抽象的 世界卫生组织估计每年约有 500 万例流感感染病例，其中约 全球有 50 万人死亡。预防流感最经济有效的方法是接种疫苗。 不幸的是，由于每年的抗原变化和漂移，目前的季节性疫苗无效。有需要 以获得更好的流感疫苗。为了设计更好的流感疫苗，我们计划使用优化免疫突触 由聚合物乙酰化葡聚糖 (Ac-DEX) 制成的纳米/微粒 (MP)。我们之前的数据有 显示了颗粒降解和针对流感抗原的最佳免疫反应的依赖性。不是 仅抗原的释放影响免疫反应，佐剂的释放也很重要。 与非佐剂和抗原的优化降解相比，存活率发生了巨大变化。 优化配方。我们的粒子系统是独一无二的，因为它依赖于高度可调的聚合物 Ac-DEX。 Ac-DEX 是向吞噬细胞递送药剂的理想选择，因为它对酸敏感并且具有显着的 吞噬体在低酸（~pH 5）下降解增加。

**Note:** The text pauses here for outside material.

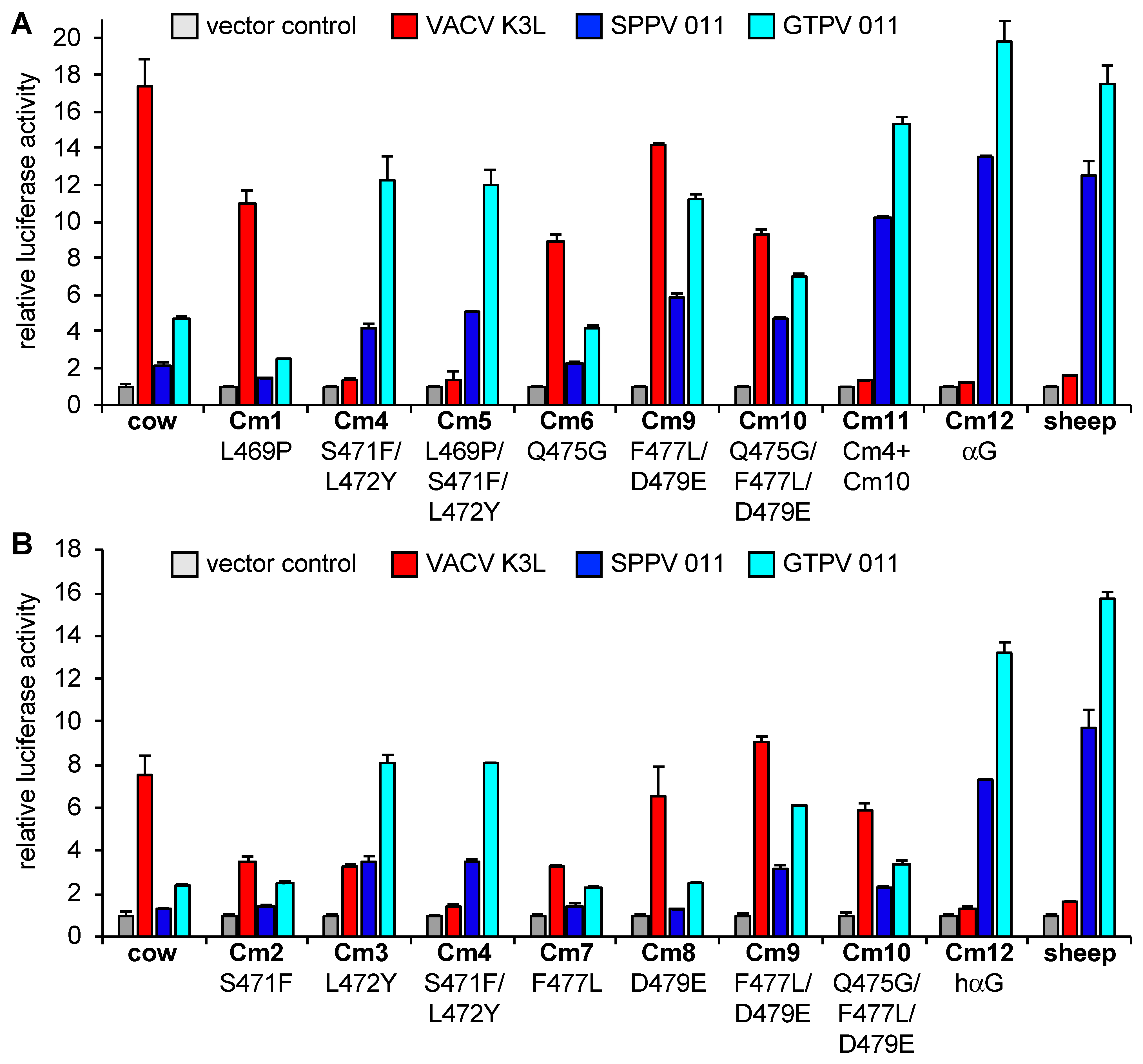 | Cm10 | Q475G, F477L, D479E | ACTTCTTTAGAAACAGGGAAGTTATTTGAAGATCTA | cow PKR |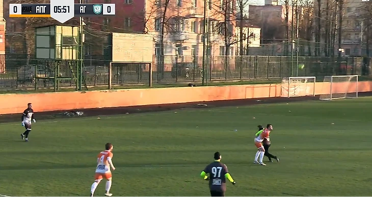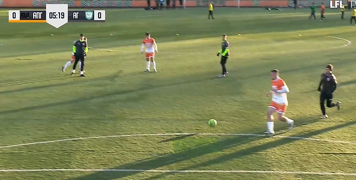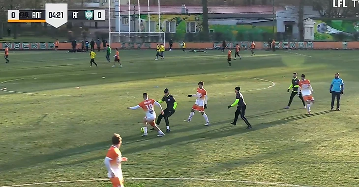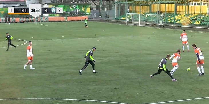 Снова поведя в счёте, соперник не отошёл от своего принципа предельно строгой игры в обороне. По-прежнему под плотной опекой находился Егорашев: ниже очередной пример этого, мяч только катится к Евгению от Моисеева, а того уже готовятся встретить два соперника.

除此之外，它还具有可调节的衰减 速率范围从几小时到几个月不等，这是与常用聚酯（例如聚酯纤维）不同的独特范围。 聚（乳酸-乙醇酸）（PLGA））的降解时间约为数月。此外，Ac-DEX 是独一无二的 来自聚酯，因为其降解产物的 pH 值为中性，并且没有可能改变局部 pH 值或损坏敏感有效负载。我们有三个具体目标来探索粒子的各种优化 系统。目标 1 侧重于聚合物和颗粒的配方。佐剂的释放速率为 探索过。具有各种环状缩醛覆盖度的 Ac-DEX 聚合物将被制造成在广泛的范围内降解 次。在目标 2 中，我们将评估新型流感抗原负载在表面或表面上的效果。 封装到 MP 中。我们将探索抗原释放的降解率以及递送途径 确定提供广泛保护的流感抗原的最佳递送方式。在目标 3 中，我们将 探索我们保护雪貂的优化系统。雪貂是流感感染的理想大型动物模型。 使用该模型，我们将评估我们配方的疫苗功效，并与商业疫苗进行比较 可用的流感疫苗。